* TASK OBJECTIVE *
Given these entries, repeat exactly the lines starting with the one that has "又往前开,在快到淮北的下口附" and going on through the one that has "Pair of Bone", both included, but none of the pictures.

* PROVIDED MATERIAL *
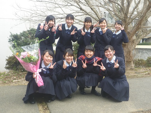 53期のテニス部女子は9人、初心者やテニス経験が少ない者ばかりでしたが、入学以来、仲良く練習に励んできました。一昨年の秋はノーシードから勝ち上がり、九州大会に出場することができました。個人の力よりもチームワークの勝利でした。まさに『ミラクル第二』です。
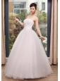This fabulous wedding dress has all the elements to make it an instant classic. The fitted bodice features a straightline neckline and beaded embellishment and hand made flower. The outlayer tulle makes the dress perfect and dreamful. The trim of the corset style closure in the back secures the dress in place. Wear this wedding gown and you will like an angel.
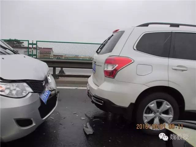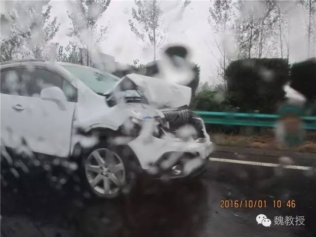 又往前开,在快到淮北的下口附近,车又多起来,缓慢通行,到前面一看,又是几起交通事故。下雨路滑,特别容易追尾。
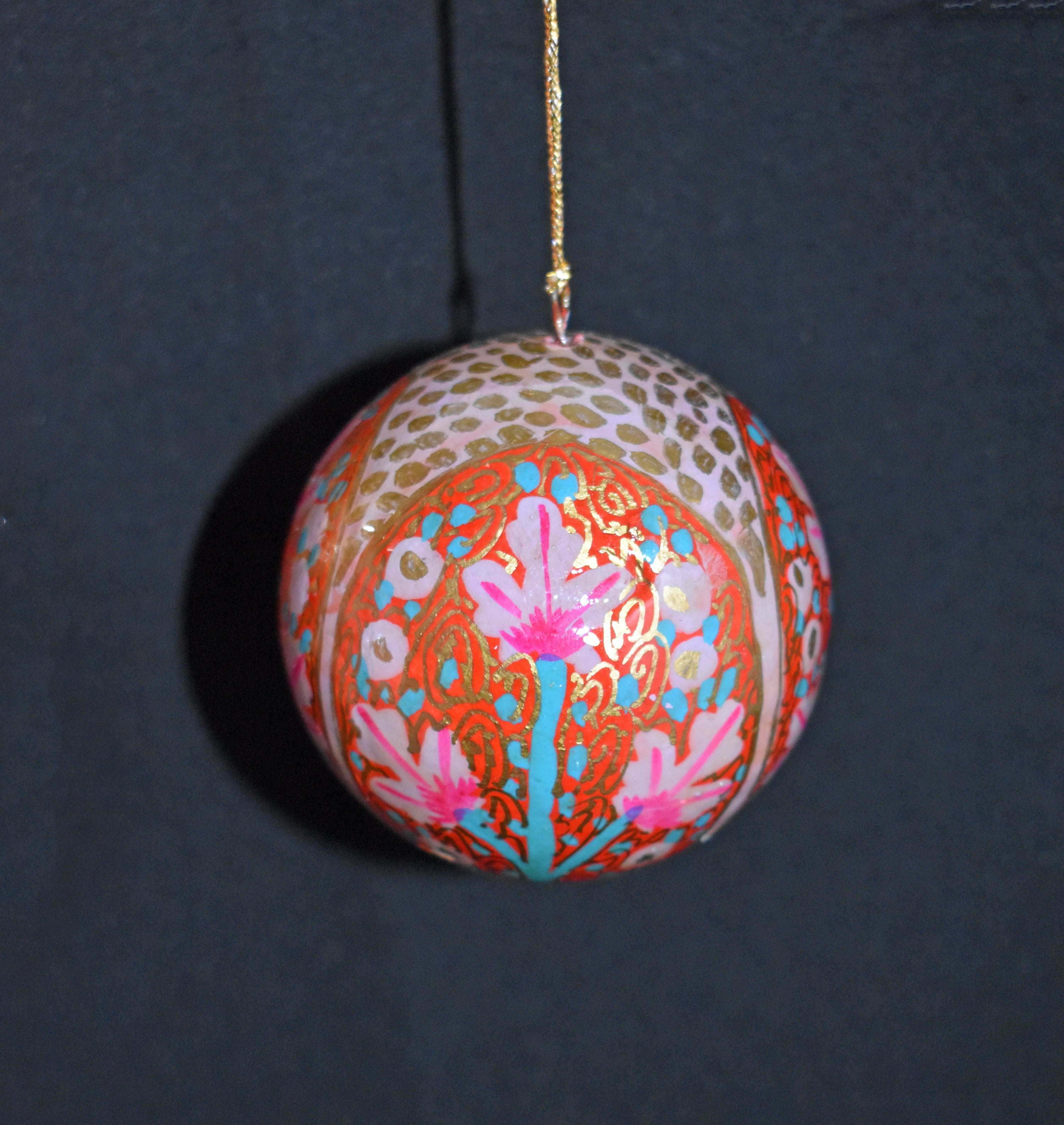 These beautiful baubles are made in Kashmir from wood pulp and recycled paper, then hand painted and varnished to create a glossy, durable finish that catches the light beautifully. Each piece is crafted by skilled artisans working under Fair Trade conditions.
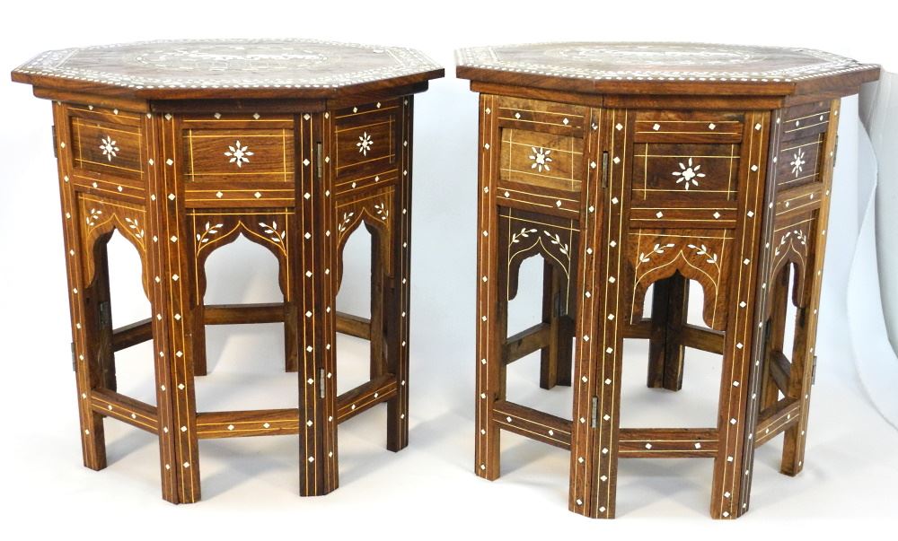 Pair of Bone Inlaid Northern Indian Side Tables.
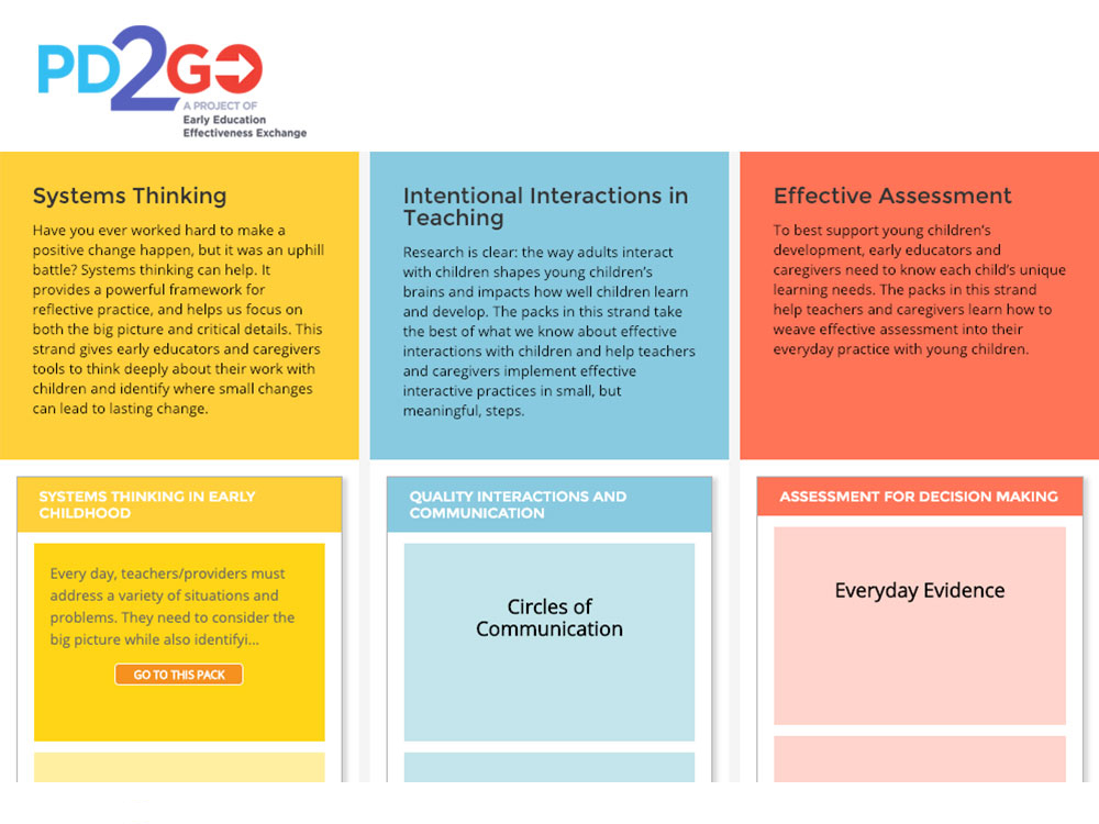 PD2GO (Professional Development 2 Go) is an innovative approach to early childhood professional development based on this research. Each professional development experience (or “pack”) included in this collection focuses on continuous quality improvement in early learning programs.
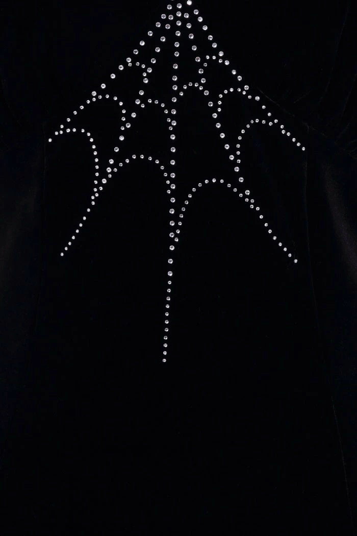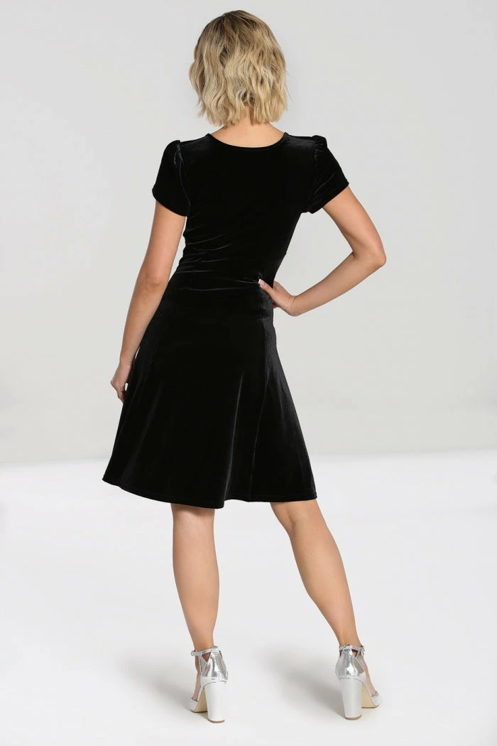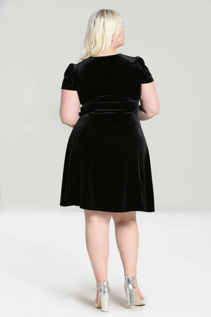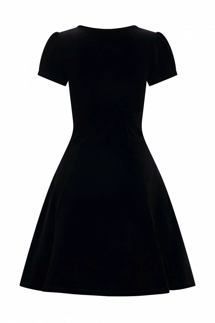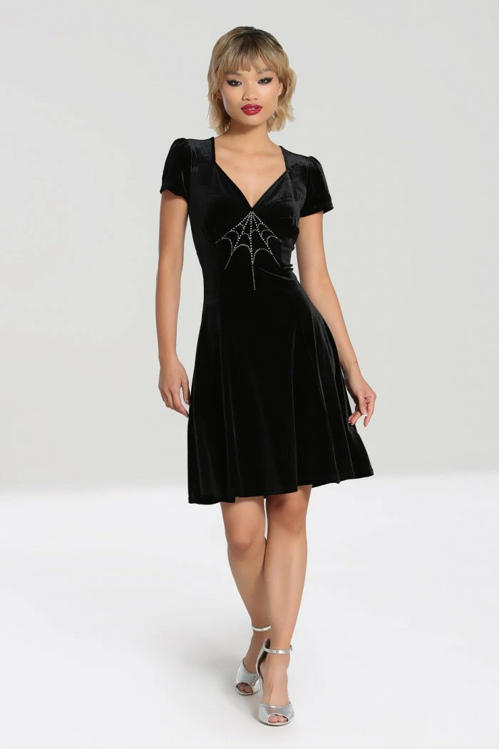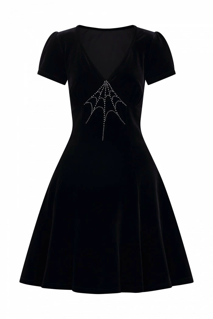 Gorgeous black velvet midi dress with crystal spiderweb detailing on the bodice from Hell Bunny. This awesome mid length party dress features short puff sleeves, sweetheart neckline with lace up detailing and fastens with a back zip. This lovely dress is made from a soft stretch velvet fabric, is fitted at the waist and then flares out. It looks amazing for a night out!
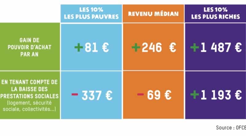 Tout le monde a compris ? La réforme de l’impôt sur la fortune se passe comme ça : les actions et les signes extérieurs de richesse sont exonérés. Cela occasionne une perte pour le budget de l’État de 3,5 milliards d’euros. Le nouvel impôt ne rapportera que 1,5 milliard au lieu de 5 avant la réforme. Notons la petite ruse juridique : l’ISF est supprimé et un nouvel impôt est créé. Impossible alors de parler de rupture de l’égalité devant l’impôt. « C’est juste que les actions et les signes extérieurs de richesse ne soient pas taxés puisque c’est juste un impôt sur l’immobilier ». Malin non ? À ce cadeau s’ajoute donc un « prélèvement forfaitaire unique », un prélèvement « libératoire » de 30% sur l’ensemble des revenus du capital. Deuxième ruse juridique, les 30% incluent la CSG ! C’est là un super « bouclier fiscal ». En tous cas c’est un magnifique cadeau pour ceux qui possèdent du capital et vivent de sa rente. Coût estimé par le gouvernement : 1,5 milliard. Mais on parle plutôt de 2 milliards d’euros.
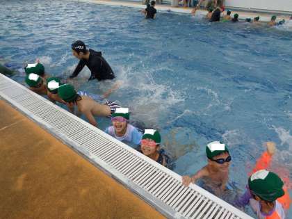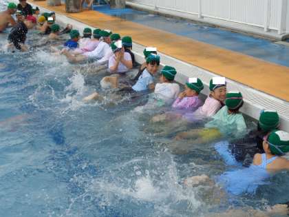 今日は、2回目の水泳教室がありました。バタ足の練習をしたり、クロールの練習をしたりしました。1年生の時と比べて泳ぎが上達してきた子供たちです。
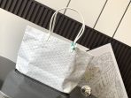 This is a replica GOYARD Artois GM Bag in white. The Artois GM bag uses the aesthetic lines and codes of our Artois PM and MM bags in a travel format, ideal for a weekend or as carry-on luggage. The handles ensure comfort when worn over the shoulder. The zip closure has two lockable zips to secure the contents.,
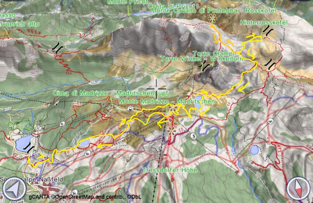 La Creta di Pricotic è una cima secondaria che si trova nel comprensorio di Pramollo/Nassfeld tra la Creta di Riosecco ed il monte Cavallo di Pontebba. E’ facilmente raggiungibile utilizzando proprio la via normale per quest’ultimo, con una deviazione nei pressi dell’antecima. Panorama incredibile a 360 gradi dalla vetta. Punto di partenza: arrivati a Pramollo da Pontebba, parcheggiare nei pressi dell’ex Confine di Stato. Percorso: subito dopo aver oltrepassato l’ex confine girare a sinistra su una pista forestale in direzione monte Madrizze (cartelli). Dopo aver superato un bacino artificiale si può optare per salire dal sentiero Cai 403 che risale il versante sud del monte fino all’omonima sella. Nei pressi del laghetto di Sella Madrizze si stacca un sentiero, con sassi di grosse dimensioni (richiesto passo sicuro) e tratti franati, che risale il versante sud della Creta di Pricotic fino ad un selletta di quota m.2050. Svoltare poi a sinistra, risalire un centinaio di metri, e poco sotto il piano erboso sommitale del monte Cavallo, deviare a sinistra (in corrispondenza di un paletto di legno) e puntare alla Creta di Pricotic. Raggiungiamo la cima, infine, utilizzando i ripidi prati della cresta sud. Per la discesa stesso percorso. Vista la giornata fotonica dal punto di vista meteo, per questa occasione abbiamo deciso di effettuare una deviazione anche sulla cima del monte Cavallo. Carta Tabacco 018, Dislivello 850, Difficoltà E, Lunghezza 10, Altitudine min 1530, Altitudine max 2239.

* TASK SOLUTION *
 又往前开,在快到淮北的下口附近,车又多起来,缓慢通行,到前面一看,又是几起交通事故。下雨路滑,特别容易追尾。
 These beautiful baubles are made in Kashmir from wood pulp and recycled paper, then hand painted and varnished to create a glossy, durable finish that catches the light beautifully. Each piece is crafted by skilled artisans working under Fair Trade conditions.
 Pair of Bone Inlaid Northern Indian Side Tables.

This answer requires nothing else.